Microsoft unveiled a new quantum computing chip, Majorana 2, a follow-on from its first Majorana chip last year that it redesigned with the help of AI, indicating that the tech giant now believes it will have commercially useful quantum machines by 2029. The new target date puts Microsoft on track to have quantum computers the same year as rival IBM, which last month said it plans to spend $10 billion on quantum machines. It also spun out a company to make quantum chips for others, with backing from President Donald Trump's administration.
Microsoft had not previously given a target year for the new chip, saying only that it would be a matter of years, not decades.

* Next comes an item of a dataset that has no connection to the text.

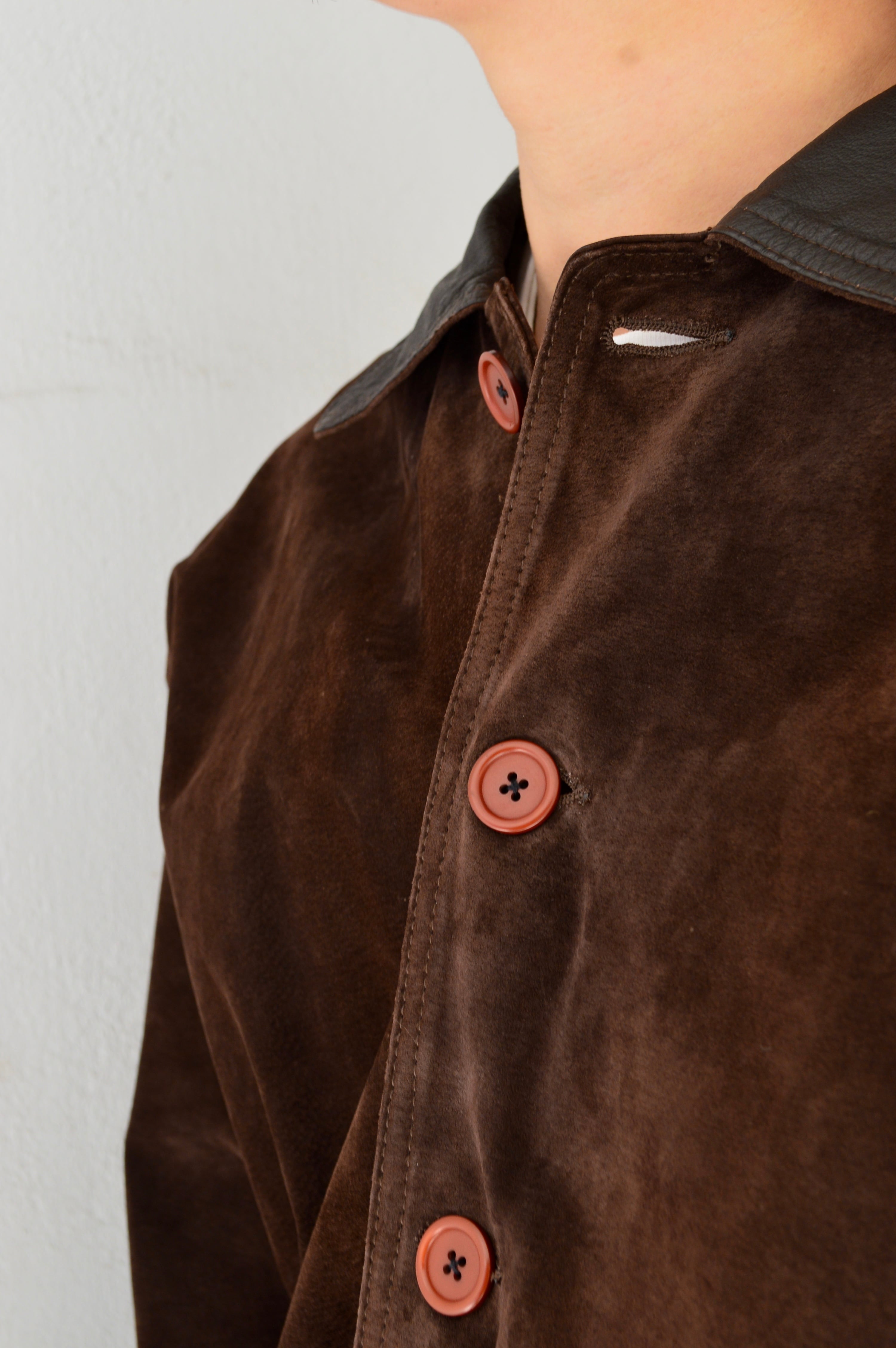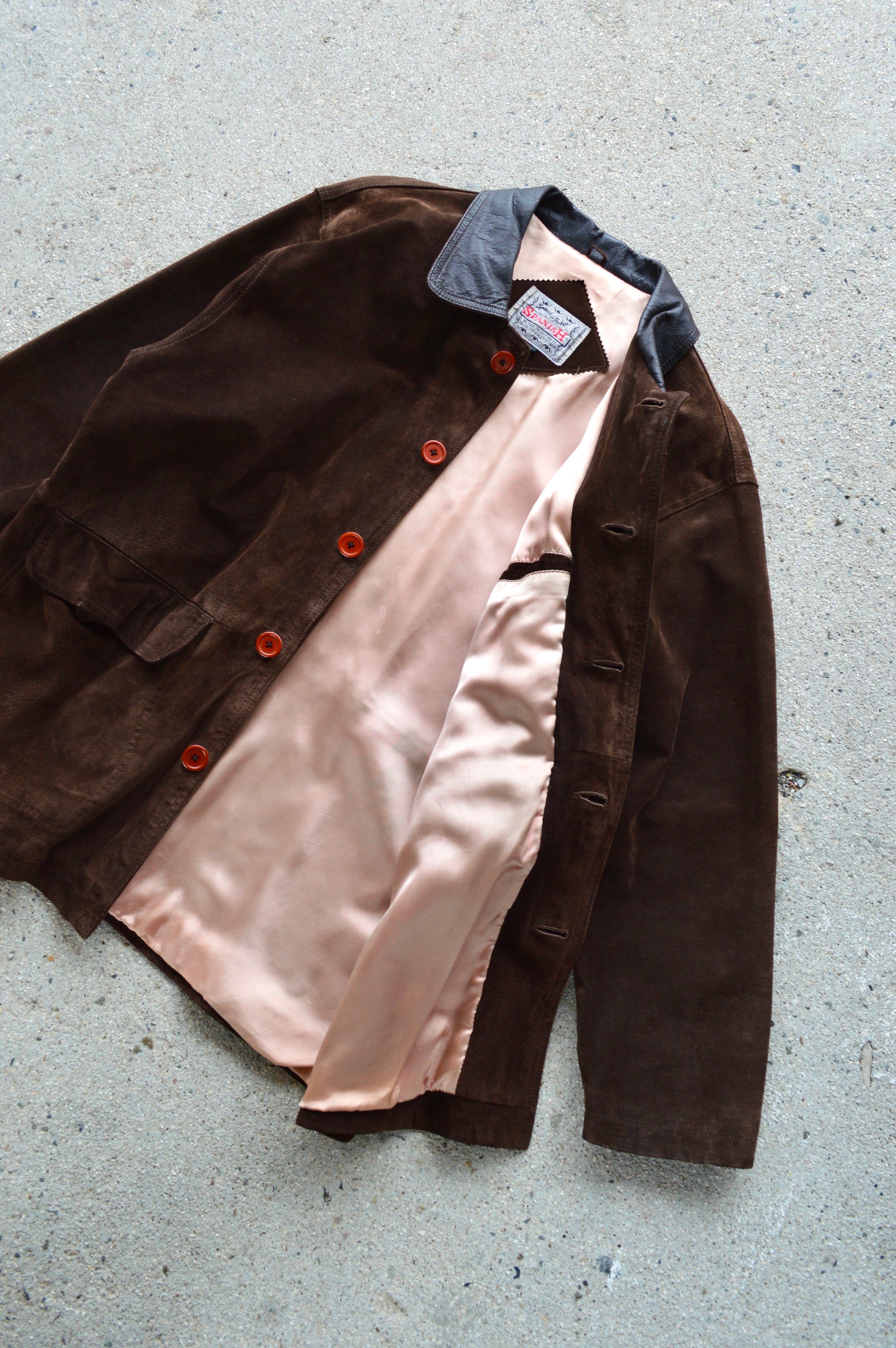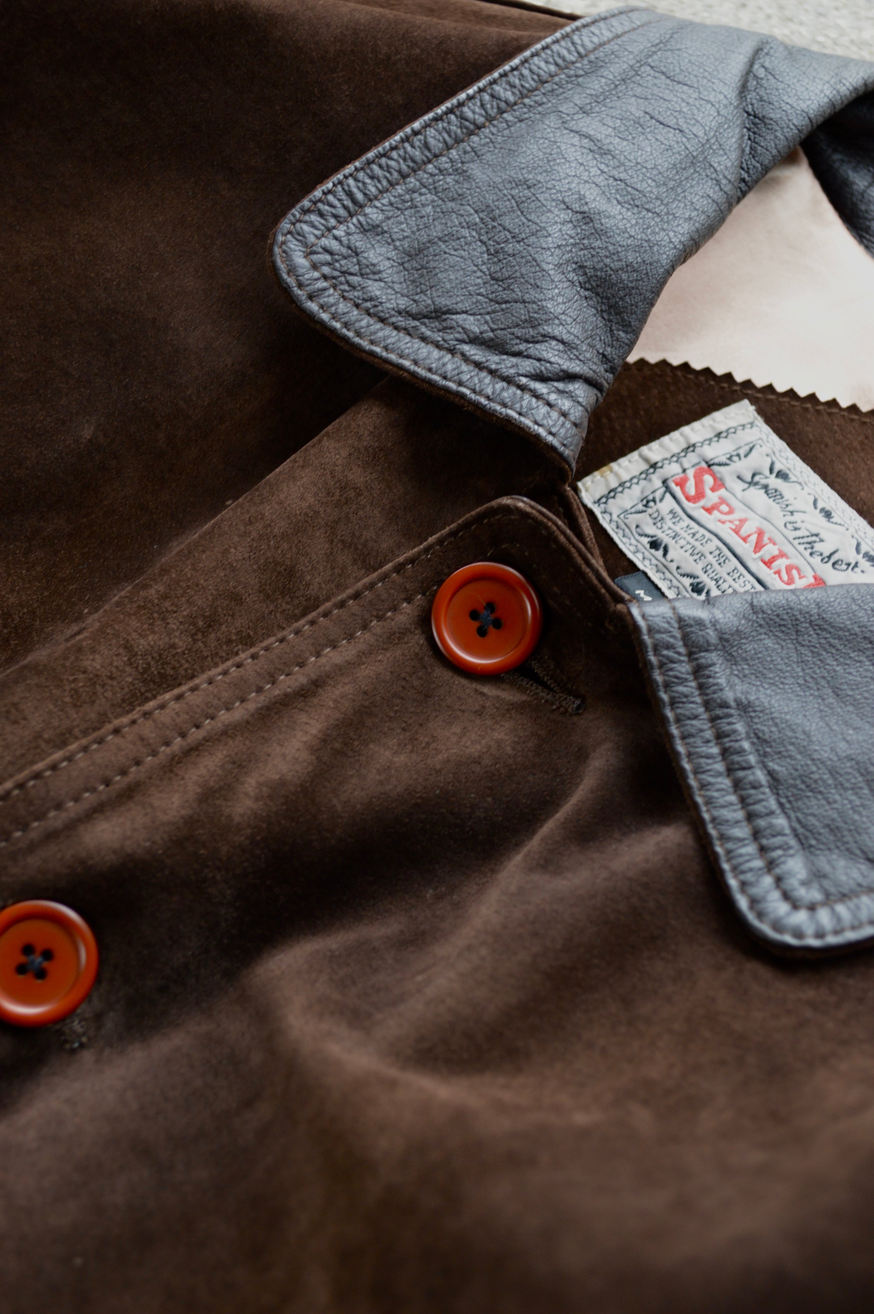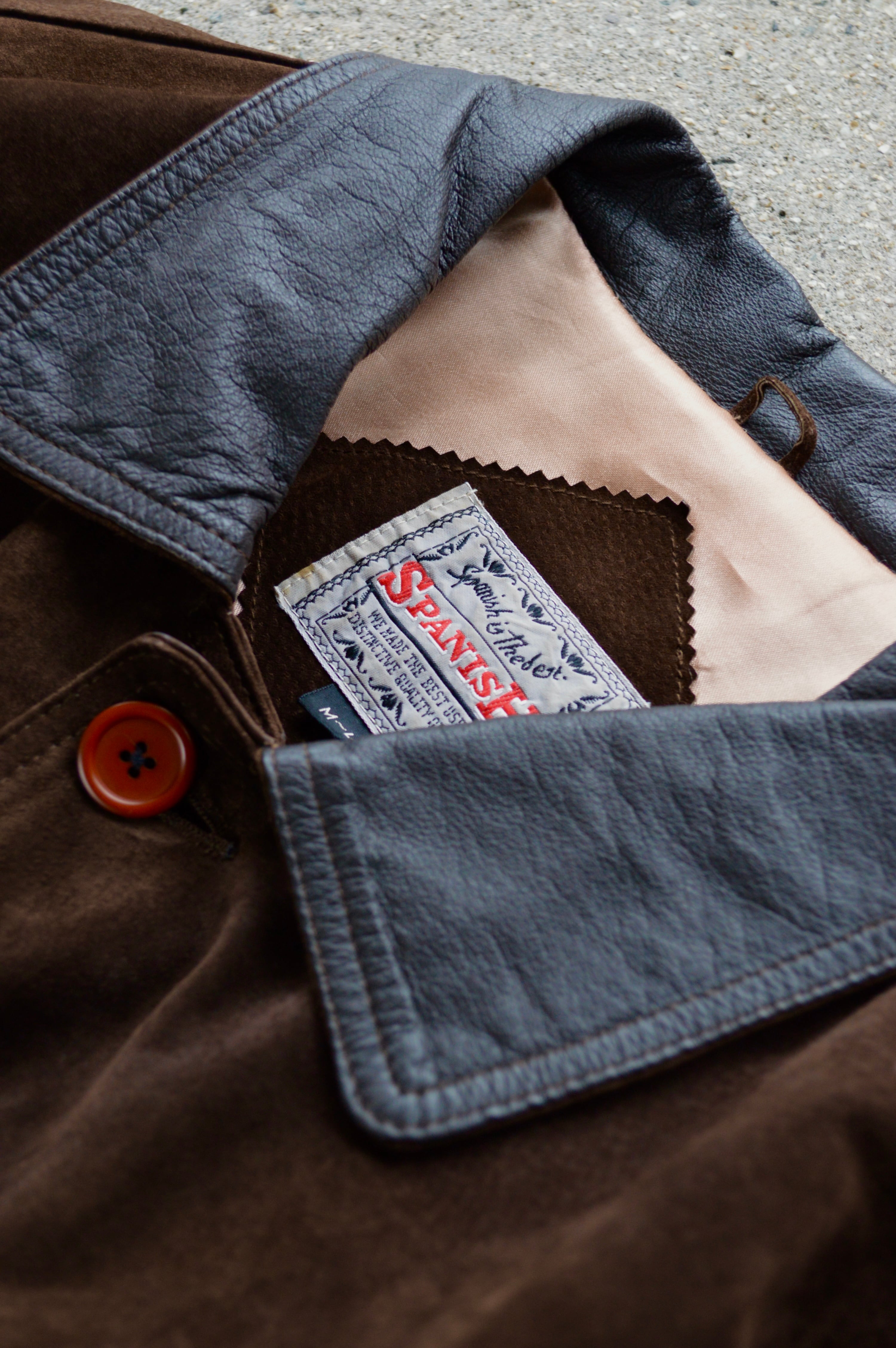 《Spanish Asian Used Old Leather 1980-90's Pig Suede Leather Car Coat》

Microsoft and IBM are racing against Alphabet's Google, Amazon and several Chinese efforts to develop quantum systems that could crack problems in medicine, chemistry and cybersecurity that would take conventional computers thousands of years.

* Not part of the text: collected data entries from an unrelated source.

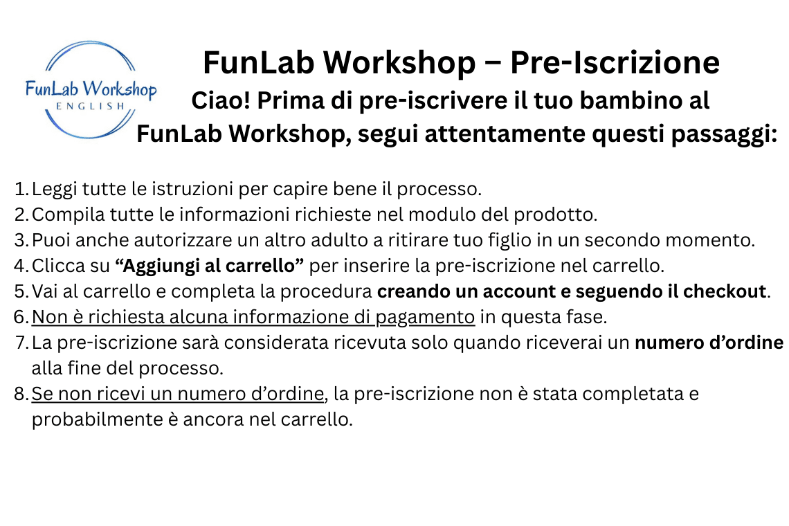 Questo sistema sostituisce i vari moduli Google e rende tutto più semplice e veloce per le famiglie! Se desiderate iscrivere più di un bambino, potete semplicemente aggiungere un’altra prenotazione di questo prodotto al vostro carrello.
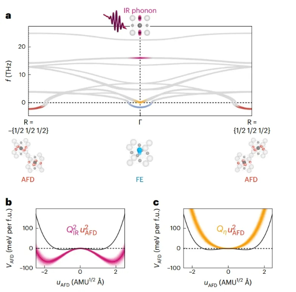 在这些物理学中,至关重要的是极性不稳定性和反铁畸变旋转之间竞争,这在平衡态时,阻碍了长程铁电性的形成。利用高强度中红外光脉冲,以共振驱动17THz的Ti–O伸缩模式,并在自由电子激光器上,使用时间分辨X射线漫散射,测量了由此产生的晶格涨落变化。在快速增加之后,观察到了R点反铁畸变晶格涨落的长寿命猝灭。
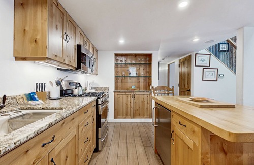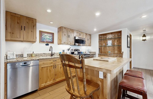 Upon entering, you'll find the main floor with an open living room, dining area, and kitchen. On cold winter nights, you'll want to get comfortable on the big comfy couch and warm up in front of the beautiful gas fireplace. Maybe watch cable on the large flatscreen TV. In the full kitchen, you'll have access to all the major appliances you'd expect, including stainless steel appliances and beautiful granite slab counters. Creating everything from holiday feasts to a big pot of chili to a hearty pancake breakfast before a long day of hiking is no problem here! Right off the living room is a small deck with a gas grill for fixing up burgers, chicken, or whatever you're in the mood for. From this level of the condo there's not much of a view, but the deck is still nice for enjoying the crisp mountain air or having a glass of wine outside after dinner.
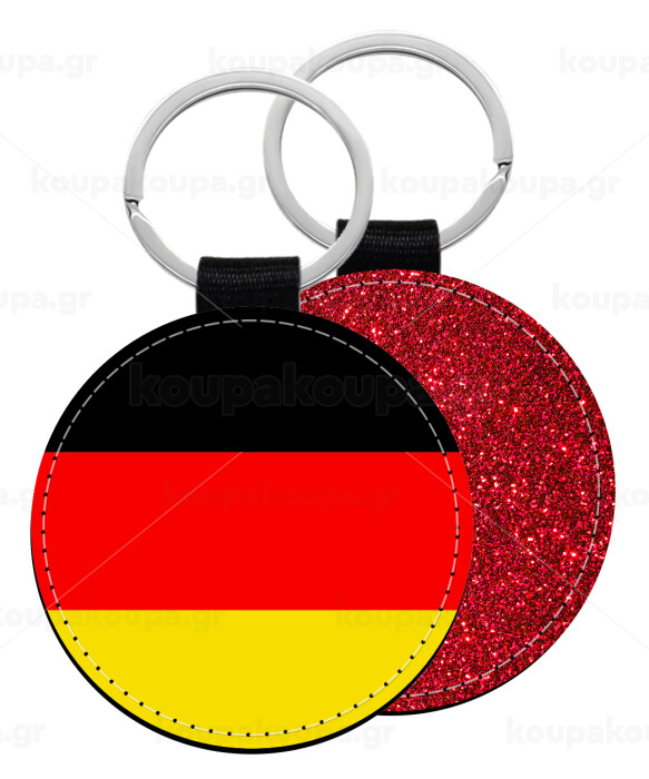Germany flag, Μπρελόκ Δερματίνη, στρογγυλό ΚΟΚΚΙΝΟ (5cm)

The biggest change to Microsoft's internally made chip versus its predecessor is that it uses an entirely new set of materials. While Google, IBM and many others make quantum chips with superconducting wires made out of aluminum, Microsoft's will be made out of lead, a larger atom.
Microsoft made the switch with the help of AI tools that it developed for use in materials science, and the result was a 1,000-fold improvement in some aspects of Majorana 2's performance, said Jason Zander, an executive vice president at Microsoft who oversees the firm's quantum efforts. The breakthrough, Zander said, was figuring out how to use lead, which is water soluble, on a chip without the lead washing away during the manufacturing process.